Log Shipping Report - Primary Server

The Secondary Server's report is a bit more informative in my opinion...

Log Shipping Report - Secondary Server

By viewing the report, I could see at a glance that the log backups were running fine, but the copy job was having trouble. Next I looked at the copy job history and saw the following error message:
  • The network name cannot be found.
The name of the share can be found in two locations, the error log, or the Log Shipping Setup Properties. In the error log, look for this text in one of the substeps:
  • Backup Source Directory
  • Backup Destination Directory

Log Shipping Errors

Or, in the Log Shipping Setup Properties look for this:

Log Shipping Backup Share

From there, I logged onto the primary server and verified that the share was indeed missing. I also verified that the LOG backups were being written properly on the primary server, but missing from the secondary server.

To fix the situation, all that was necessary was to re-create the share on the primary server and grant read-only permissions to the secondary server's service account.

After that, I manually ran the copy job to start the log backups flowing to the secondary server once again. Then, I ran the restore job and watched the secondary server get back in sync.

But Don't Rush In

Often, when confronted with a Log Shipping sync problem, a person's first reaction is to remove Log Shipping, and then reconfigure it. In this case, nothing would have been solved since the LOG share would have still been missing.

Instead, take the time to troubleshoot the problem and try to find the root cause. Log Shipping is a very simple and stable technology and not much will break it. I have never had to remove and reconfigure Log Shipping to get it to work again.

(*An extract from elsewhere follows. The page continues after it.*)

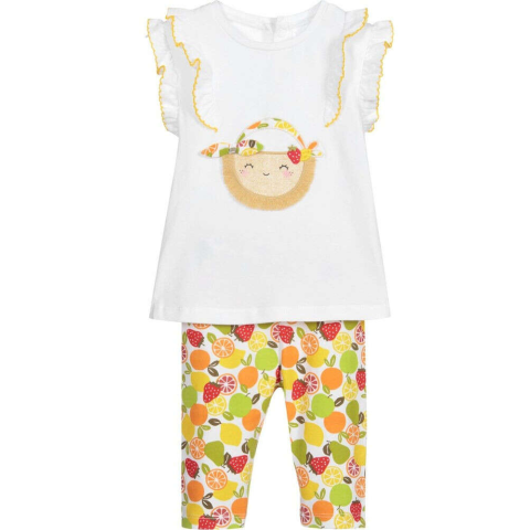 Mayoral fehér, fodros lány póló és gyümölcsös leggings szett – 70 cm

Give Yourself Some Cushion

Another key to success with Log Shipping is to keep the LOGs around long enough so that you don't break the LSN chain in case of a problem. You want to make sure you keep enough LOGs on hand to cover a long weekend or holiday break in case your DBAs or other staff are not available to respond immediately.

Log Shipping Retention

My preference is to keep seven days worth of LOGs available. If you can't get approval for that much space, walk it back a bit, but hold firm at three days worth. Think about the weekend/holiday factor. If management pushes back, remind them how long it took to initialize the secondary server with the FULL backup. Ask them which is worse, a little extra space, or a long delay while you get a 1TB FULL backup copied from one coast to another.

But What About the Root Cause

Oh yeah, so why did the share disappear to begin with? This server had been migrated from one SAN to another and ended up with two different vendor's MPIO drivers present. So, the old one was slated to be removed. After the work was completed and the server rebooted, all of the shares went missing.

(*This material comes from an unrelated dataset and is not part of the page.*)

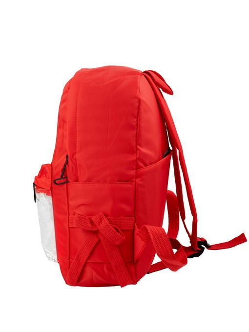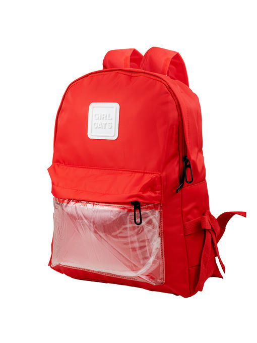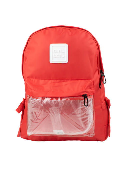 На лицевой стороне рюкзака расположен прозрачный накладной карман на молнии.

It turns out this is a known issue with the iSCSI Initiator if it is not configured correctly. Basically, the Server Service needs to have a dependency set on the iSCSI Initiator Service. Take a look at kb870964 for some more details on how to prevent this from happening to you.

Monday, December 10, 2012

Where are your indexes located?

When taking over a database or looking at it for the first time, one area I like to focus on is the indexes. There are the standard things, such as index fragmentation, usage, etc. However, one area that is often overlooked is where the indexes are.

But aren't they in the database?

Yes, but where in the database. If your database only has one filegroup, PRIMARY, then that is where your indexes are. However, some databases have multiple filegroups. They could be for archiving purposes, security segregation, performance, or any number of reasons.

A fairly common setup to encounter is to have a separate filegroup for non-clustered indexes. This is not as common a technique as it used to be, and there is some debate as to whether this helps performance. The point here is not to debate the wisdom of index filegroups, but rather to get a sense of how your database is laid out.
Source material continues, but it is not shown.